— AVAILABLE DATA —

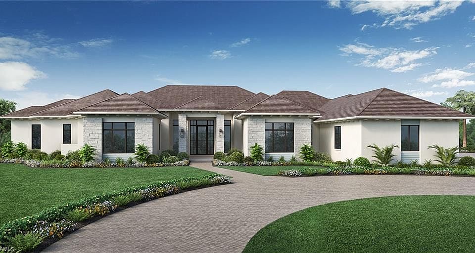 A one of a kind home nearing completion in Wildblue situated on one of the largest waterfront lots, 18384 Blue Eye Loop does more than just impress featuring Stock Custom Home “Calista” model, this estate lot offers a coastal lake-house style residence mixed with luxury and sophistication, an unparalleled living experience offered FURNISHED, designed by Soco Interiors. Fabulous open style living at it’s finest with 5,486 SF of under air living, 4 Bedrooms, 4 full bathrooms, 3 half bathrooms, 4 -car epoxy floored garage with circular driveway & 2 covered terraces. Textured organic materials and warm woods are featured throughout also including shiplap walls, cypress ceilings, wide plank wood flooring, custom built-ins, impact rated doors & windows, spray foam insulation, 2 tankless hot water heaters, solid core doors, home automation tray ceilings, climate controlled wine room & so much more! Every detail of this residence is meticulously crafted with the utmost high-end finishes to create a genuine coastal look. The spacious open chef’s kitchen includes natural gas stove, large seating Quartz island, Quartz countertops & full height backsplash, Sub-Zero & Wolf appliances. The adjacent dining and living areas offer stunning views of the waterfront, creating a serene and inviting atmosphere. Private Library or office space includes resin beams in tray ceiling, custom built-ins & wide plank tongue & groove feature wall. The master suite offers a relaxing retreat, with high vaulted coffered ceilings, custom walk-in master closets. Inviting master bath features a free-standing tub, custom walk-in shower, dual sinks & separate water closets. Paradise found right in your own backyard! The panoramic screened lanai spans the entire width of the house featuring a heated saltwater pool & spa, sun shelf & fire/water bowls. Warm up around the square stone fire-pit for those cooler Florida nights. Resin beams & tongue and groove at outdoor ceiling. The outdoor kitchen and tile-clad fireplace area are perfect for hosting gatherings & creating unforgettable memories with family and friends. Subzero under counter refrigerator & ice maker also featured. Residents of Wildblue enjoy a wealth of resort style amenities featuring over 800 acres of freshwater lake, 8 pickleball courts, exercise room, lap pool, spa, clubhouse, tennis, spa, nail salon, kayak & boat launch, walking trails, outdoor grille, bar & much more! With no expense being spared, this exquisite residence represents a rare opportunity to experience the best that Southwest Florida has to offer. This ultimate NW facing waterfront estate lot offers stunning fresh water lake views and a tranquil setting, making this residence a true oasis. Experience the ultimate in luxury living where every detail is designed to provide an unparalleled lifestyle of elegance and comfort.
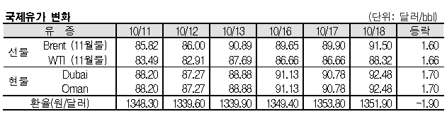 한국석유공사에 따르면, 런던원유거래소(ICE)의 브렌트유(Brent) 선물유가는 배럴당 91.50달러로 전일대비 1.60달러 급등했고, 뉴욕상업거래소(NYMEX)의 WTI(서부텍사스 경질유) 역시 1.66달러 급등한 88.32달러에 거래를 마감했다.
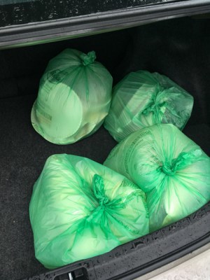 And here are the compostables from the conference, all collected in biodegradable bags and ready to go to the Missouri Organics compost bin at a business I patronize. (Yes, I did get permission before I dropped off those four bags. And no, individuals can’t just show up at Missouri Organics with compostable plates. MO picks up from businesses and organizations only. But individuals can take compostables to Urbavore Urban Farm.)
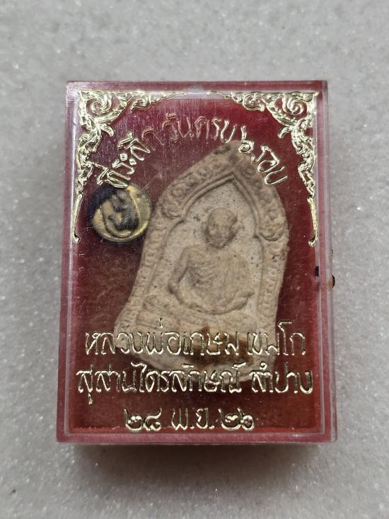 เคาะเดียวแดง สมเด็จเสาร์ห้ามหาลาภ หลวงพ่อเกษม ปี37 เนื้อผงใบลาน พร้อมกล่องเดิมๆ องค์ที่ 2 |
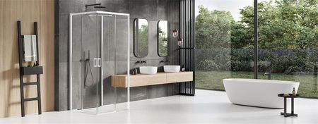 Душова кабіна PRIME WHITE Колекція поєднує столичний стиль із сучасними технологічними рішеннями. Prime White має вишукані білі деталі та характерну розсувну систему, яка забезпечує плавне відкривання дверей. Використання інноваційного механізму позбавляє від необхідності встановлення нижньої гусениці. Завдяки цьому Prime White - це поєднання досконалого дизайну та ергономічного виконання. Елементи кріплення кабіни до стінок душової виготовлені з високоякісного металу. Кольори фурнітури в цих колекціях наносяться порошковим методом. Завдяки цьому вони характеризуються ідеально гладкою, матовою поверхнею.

— WHAT YOU NEED TO DO —
Every line from the one with "한국석유공사에 따르면, 런던원유거래소(ICE)의" through the end of the records above belongs in the answer, copied exactly; no picture does.

— RESULT OF THIS EXERCISE —
 한국석유공사에 따르면, 런던원유거래소(ICE)의 브렌트유(Brent) 선물유가는 배럴당 91.50달러로 전일대비 1.60달러 급등했고, 뉴욕상업거래소(NYMEX)의 WTI(서부텍사스 경질유) 역시 1.66달러 급등한 88.32달러에 거래를 마감했다.
 And here are the compostables from the conference, all collected in biodegradable bags and ready to go to the Missouri Organics compost bin at a business I patronize. (Yes, I did get permission before I dropped off those four bags. And no, individuals can’t just show up at Missouri Organics with compostable plates. MO picks up from businesses and organizations only. But individuals can take compostables to Urbavore Urban Farm.)
 เคาะเดียวแดง สมเด็จเสาร์ห้ามหาลาภ หลวงพ่อเกษม ปี37 เนื้อผงใบลาน พร้อมกล่องเดิมๆ องค์ที่ 2 |
 Душова кабіна PRIME WHITE Колекція поєднує столичний стиль із сучасними технологічними рішеннями. Prime White має вишукані білі деталі та характерну розсувну систему, яка забезпечує плавне відкривання дверей. Використання інноваційного механізму позбавляє від необхідності встановлення нижньої гусениці. Завдяки цьому Prime White - це поєднання досконалого дизайну та ергономічного виконання. Елементи кріплення кабіни до стінок душової виготовлені з високоякісного металу. Кольори фурнітури в цих колекціях наносяться порошковим методом. Завдяки цьому вони характеризуються ідеально гладкою, матовою поверхнею.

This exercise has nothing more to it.